Jason Alexander Reveals Why George Costanza’s ‘Seinfeld’ Fiancee Susan Was Killed Off (Audio)

No one could mesh with Heidi Swedberg’s comedic instincts: “You know what, it’s f–king impossible,” he recalls to Howard Stern

George Costanza Susan Ross Seinfeld

Jason Alexander, the man behind perhaps the greatest sitcom character of all time — “Seinfeld’s” George Costanza — revealed on Wednesday why his on-screen fiancée Susan Ross had to be killed off in 1997 after 28 episodes.

“The actress is this wonderful girl, Heidi Swedberg, I love her,” Alexander started his story on Wednesday morning to an eager Howard Stern. “I couldn’t figure out how to play off of her.”

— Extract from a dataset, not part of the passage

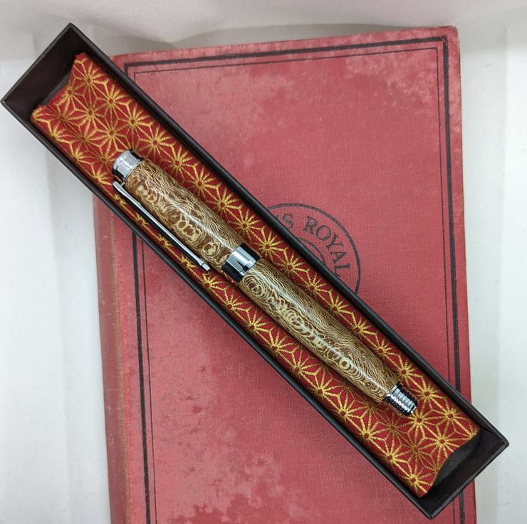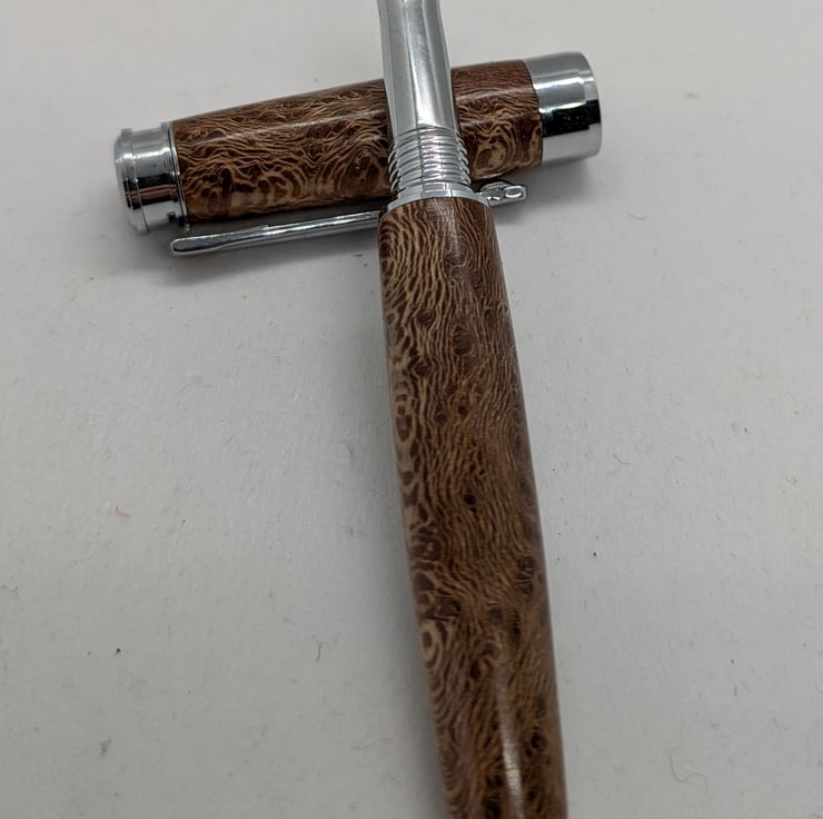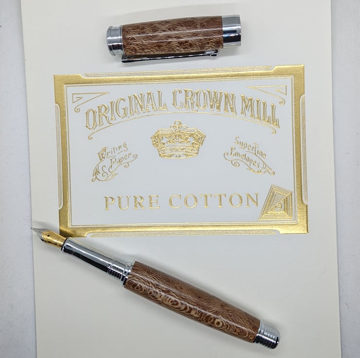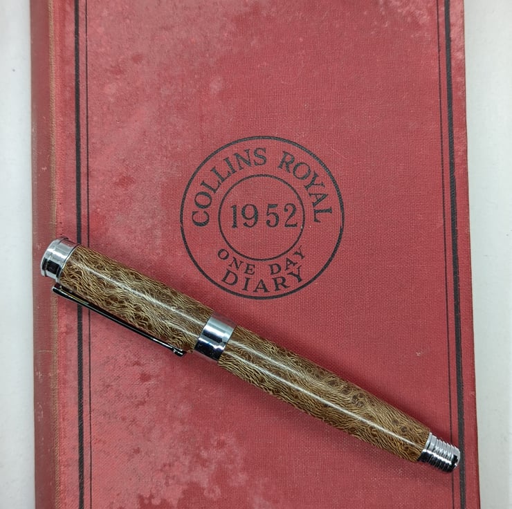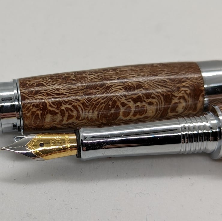 A hand turned fountain pen in London Plane. It is the most common and important tree in London and has an attractive golden-brown colour with dark brown flecks. This pen has additional speckling to add interest to the appearance. This is a high quality, well-designed pen with chrome metal parts that complement the colour of the wood. It has an upgraded German Beaufort premium nib as described by the manufacturer “As smooth as butter on the page, with an excellent ink flow” and converter to allow the use of bottled ink, it will also take standard cartridges and one will be supplied with the pen. It will be supplied in a material lined card box with one cartridge to get you started. F276
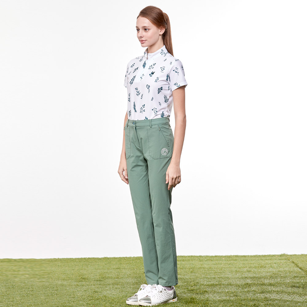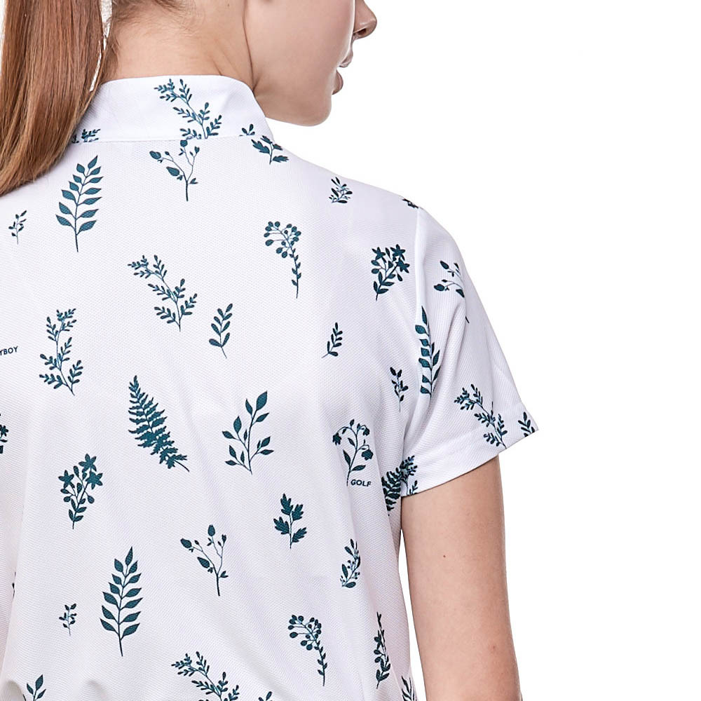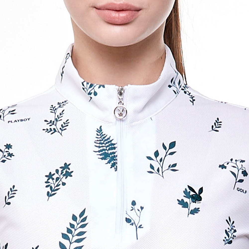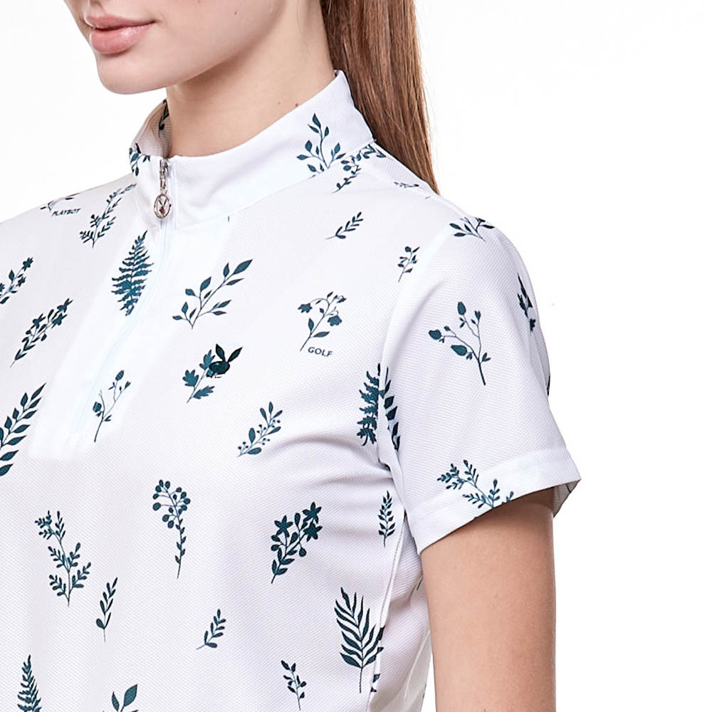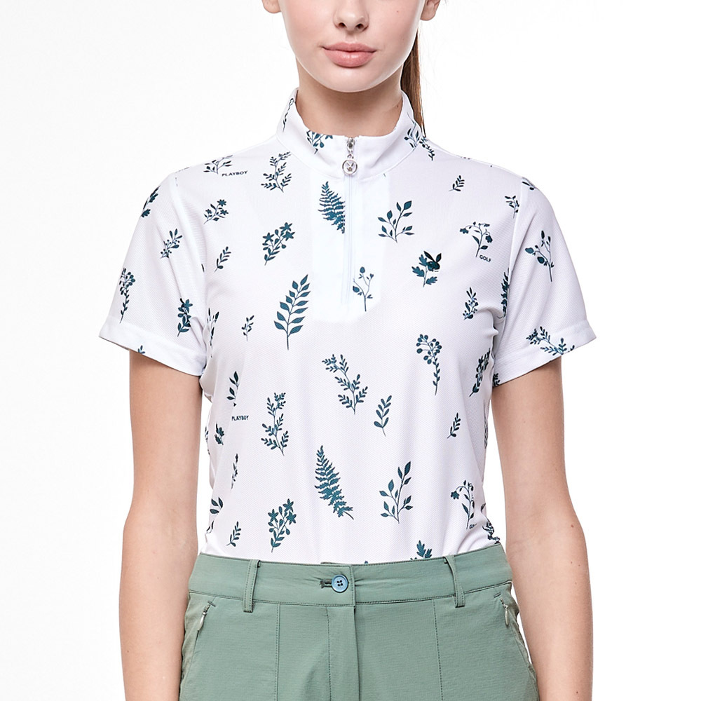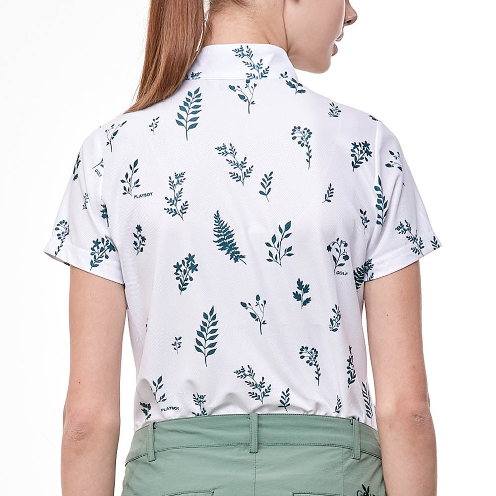 【PLAYBOY GOLF】女款葉紋印花吸濕排汗抗UV立領短袖上衣-白 / KA24112-87

“Her instincts for doing a scene — where the comedy was — and mine, were always misfiring,” he continued. “She would do something and I would go, ‘OK, I see what she’s going to do, I’m going to adjust to her’ — and I’d adjust, and then it would change.”

Apparently their chemistry was so bad, that when creator Larry David told Alexander his character would get engaged to hers on an upcoming season, the actor’s response was: “Great, who’s playing George?”

David’s reasoning for keeping the actress and her character around anyway was simple: Whatever it was exactly that Swedberg brought to Susan, the writers could get away with doing the most horrible things to her, and the audience lapped it up.

Alexander continued on, telling Stern and sidekick Robin Quivers that no one ever believed his complaints about how tough Swedberg was to work with, until an episode where Jerry Seinfeld‘s titular character and Julia Louis-Dreyfus‘ Elaine swapped a bunch of lines with Susan.

Before that taping, it was unclear whether George would actually marry Susan, or what would come of the story arc. After the shoot, it didn’t take very long to rule actual nuptials out.

At a diner following filming– a ritual for the main cast and David — both Seinfeld and Louis-Dreyfus finally admitted what Alexander had been saying all along: “You know what, it’s f–king impossible.”

“And Julia went, ‘Don’t you want to just kill her?’” Alexander recalled. “And Larry went, ‘Ka-bang!’”

So they ordered some cheap, toxic wedding envelopes, and the rest is TV history.